> PROBLEM
Go to the line with "De voorgrond toont" in the material below and copy from there through the line with "Ankara'da gün boyu", exactly. Pictures are not copied.

> SUPPLIED INFORMATION
┄┄┄┄┄┄┄┄┄┄┄┄┄┄┄┄┄┄┄┄
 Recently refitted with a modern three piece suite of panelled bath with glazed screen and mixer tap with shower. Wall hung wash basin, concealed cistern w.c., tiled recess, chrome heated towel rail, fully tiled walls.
┄┄┄┄┄┄┄┄┄┄┄┄┄┄┄┄┄┄┄┄
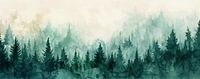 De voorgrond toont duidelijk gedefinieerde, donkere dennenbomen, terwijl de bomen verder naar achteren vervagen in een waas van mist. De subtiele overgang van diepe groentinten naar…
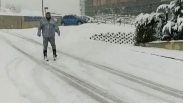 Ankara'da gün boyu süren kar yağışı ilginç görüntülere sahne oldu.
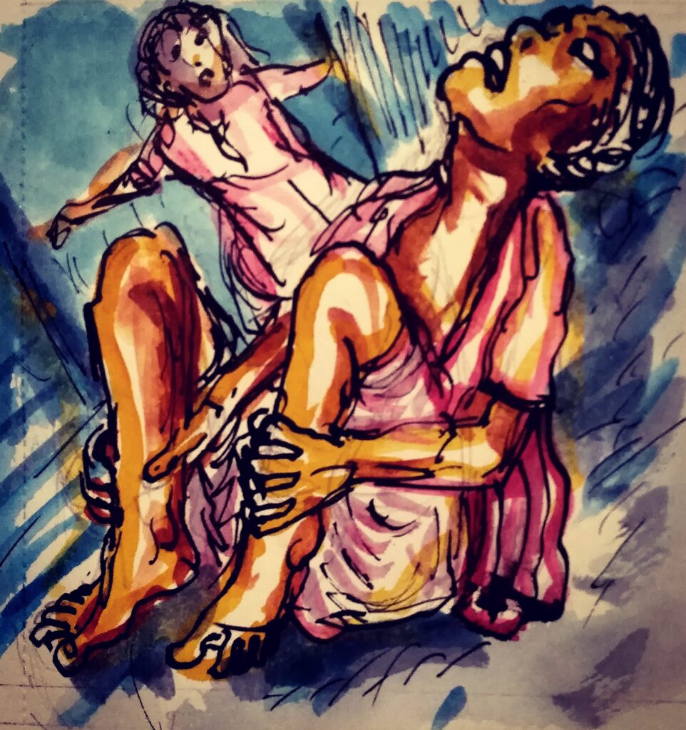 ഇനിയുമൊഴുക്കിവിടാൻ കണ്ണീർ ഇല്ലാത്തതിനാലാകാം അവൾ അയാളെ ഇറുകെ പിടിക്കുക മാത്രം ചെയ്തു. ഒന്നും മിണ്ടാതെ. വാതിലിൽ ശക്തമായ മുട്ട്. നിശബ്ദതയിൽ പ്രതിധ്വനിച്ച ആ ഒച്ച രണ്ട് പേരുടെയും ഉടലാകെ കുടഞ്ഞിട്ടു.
┄┄┄┄┄┄┄┄┄┄┄┄┄┄┄┄┄┄┄┄
> RESULT FOR THIS EXERCISE
 De voorgrond toont duidelijk gedefinieerde, donkere dennenbomen, terwijl de bomen verder naar achteren vervagen in een waas van mist. De subtiele overgang van diepe groentinten naar…
 Ankara'da gün boyu süren kar yağışı ilginç görüntülere sahne oldu.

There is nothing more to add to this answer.